Здесь, в одиночке, в темном этом карцере я беззащитен, я в руках у Гуся. А руки эти развязаны и потому страшны. Ему ведь дозволено все! Не сегодня завтра он явится сюда — и чем это кончится? Какие гнусности и кошмары ожидают меня? Какими способами он заставляет блатных отрекаться? В подброшенной мне записке об этом сказано было вскользь, неотчетливо. „Не приведи Господь“, — писал неизвестный мой доброжелатель. Я повторил про себя эту фразу, и содрогнулся невольно, и тут же подумал о странностях, которыми изобилует наша жизнь.
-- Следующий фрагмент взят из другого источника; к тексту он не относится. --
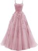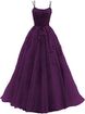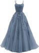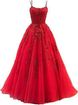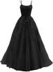Elegante abito da sera lungo con spalline sottili e applicazioni floreali - Abito da festa in chiffon a trapezio per donna - US 0-28W

В сущности, я ведь давно уже собрался расстаться с урками и выйти из подполья. Решил завязать, начать жить по-иному… Решение это прочное. И когда-нибудь я осуществлю его, сделаю это непременно! Но только не так, как хочет Гусь; не унижаясь, не предавая друзей.
И уж тем более не сейчас. Разве могу я отойти от блатных в эту пору? В дни, когда начинается свирепый сучий террор, наступает предвещенное Гусем время „большой крови“…»
Папироса сгорела; я докурил ее дотла, до самых губ. Я все никак не мог надышаться кислым этим, сладостным дымом.
Потом подошел к двери и вызвал дежурного.
— В чем причина? — спросил он, открывая кормушку.
Я протянул ему пайку:
— Возьмите!
— Что? — Он поглядел на хлеб, наморщился, поднял ко мне глаза. — Думаешь — недовесили?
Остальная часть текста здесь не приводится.